- _Task brief_
Pictures must not appear in the copy. Restate exactly the lines below from the one with "ŠTA JE U KUTIJI?" through the one with "Notre bande exfoliante", inclusive.

- _Records shown_
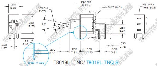 Каталог > Электронные компоненты, радиодетали > Переключатели, кнопки > Переключатели рычажные (тумблеры, TOGGLE) > T80-T Переключатели рычажные миниатюрные угловые > T8020L-TNQ
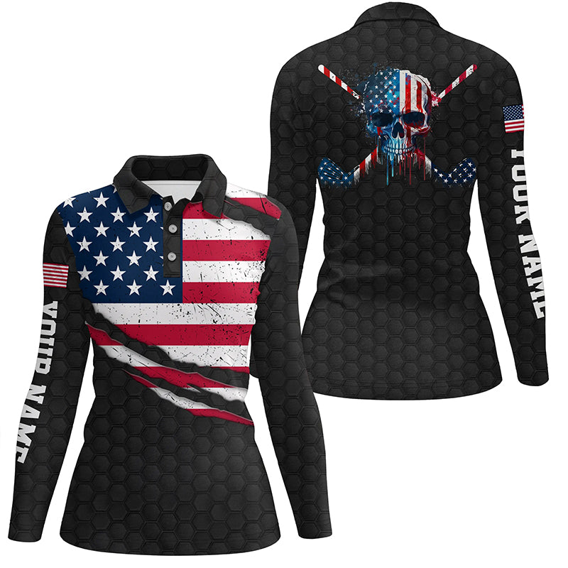 American Flag Skull Golf Shirts For Women, Funny Golf Shirt, Personalized Women Golf Shirts Golf Gift LDT0041
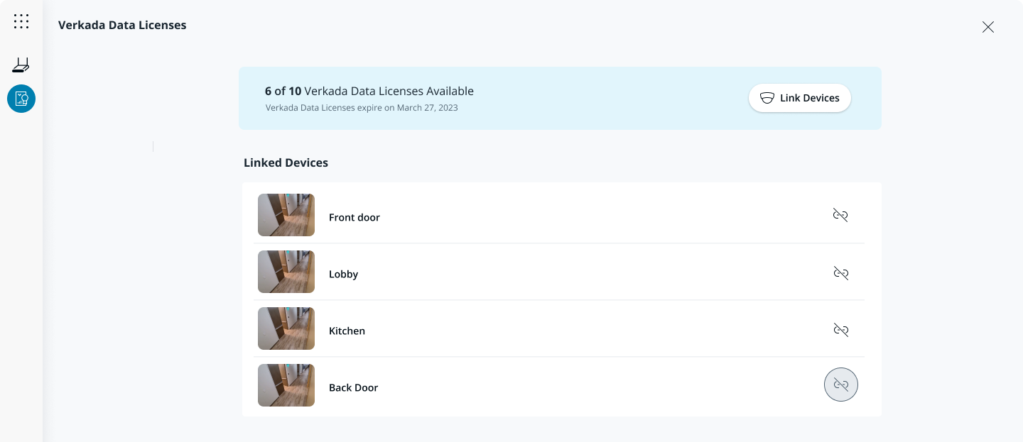 You can link and unlink your data licenses to particular devices connected to the GC31 through the data licensing page on your Verkada Command platform. Any video device connected to a gateway will be automatically linked to an available license.
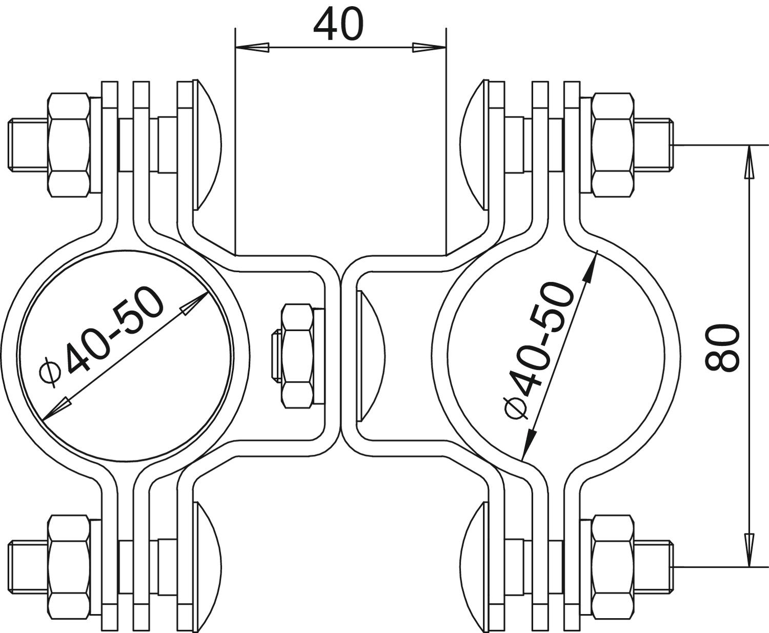 • Zacisk montażowy do mocowania izolowanych masztów rurowych na chronionej konstrukcji lub na rurach ø 40–50 mm
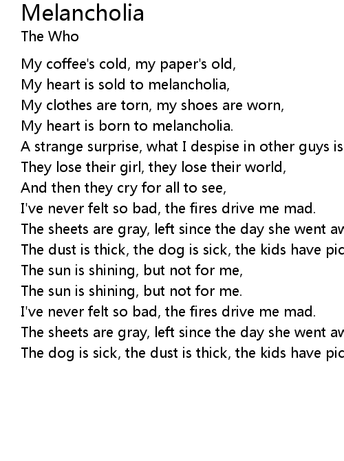 My heart is sold to melancholia, |
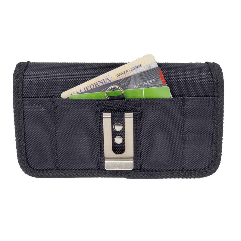 - Pouch case has a fixed metal belt clip for durability . Belt loop to hold the carrying pouch in horizontal position on their belt. Another option is to use the built-in dual riveted metal clip to quickly attach and detach the pouch from a belt or pocket.
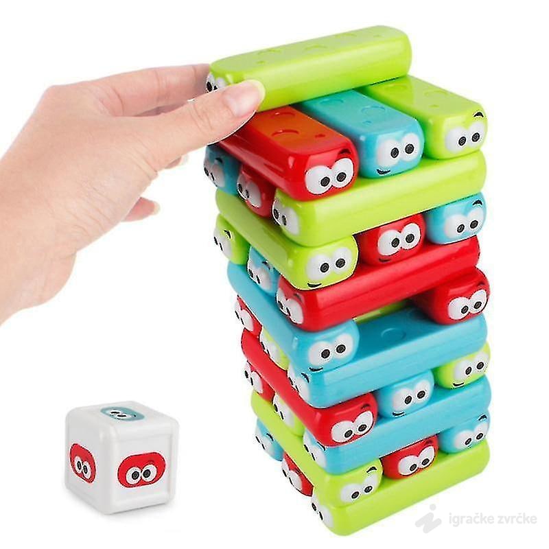ŠTA JE U KUTIJI? Kutija sadrži blokove za pravljenje kule u 3 boje i kockicu. Broj igrača: 4. Preporučen uzrast 3+.
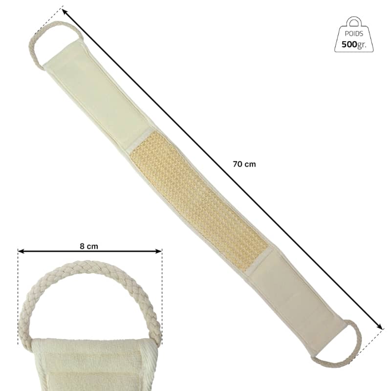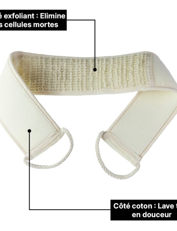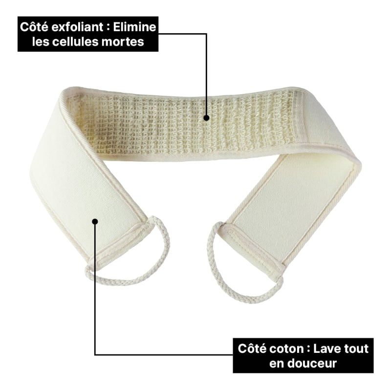 Notre bande exfoliante pour le dos a été spécialement conçue pour offrir un soin complet et agréable, tout en facilitant l’accès aux zones difficiles à atteindre. Elle est dotée de deux faces complémentaires qui répondent à différents besoins de la peau.
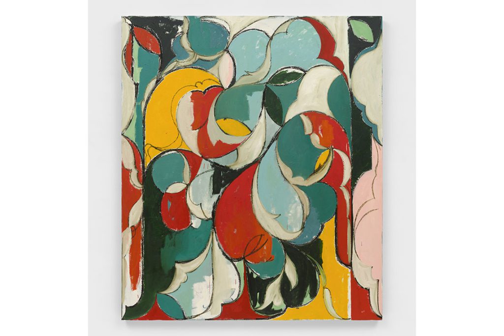 Here, Aram leaves behind the grid system which often grounds his petal-like motifs. Now unrestrained from an encapsulating geometry, the floral elements spring freely across the surface and grow with autonomy. This new path also yields a pliability in the artist’s handling of an abstraction which nods to Islamic ornamentation traditions, as well as to the refusal of a Western eye to rationalise the visual codings of these motifs. Untethered swollen shapes linger and mingle, rubbing with one another in an abundance that signals an art historical confrontation. A freed painterly hand shatters the expectations of control and self-erasure; the anticipation of a rigid finale also crushes down with each painting’s subjective growth in lieu of any rigid network.

- _Answer for this exercise_
ŠTA JE U KUTIJI? Kutija sadrži blokove za pravljenje kule u 3 boje i kockicu. Broj igrača: 4. Preporučen uzrast 3+.
 Notre bande exfoliante pour le dos a été spécialement conçue pour offrir un soin complet et agréable, tout en facilitant l’accès aux zones difficiles à atteindre. Elle est dotée de deux faces complémentaires qui répondent à différents besoins de la peau.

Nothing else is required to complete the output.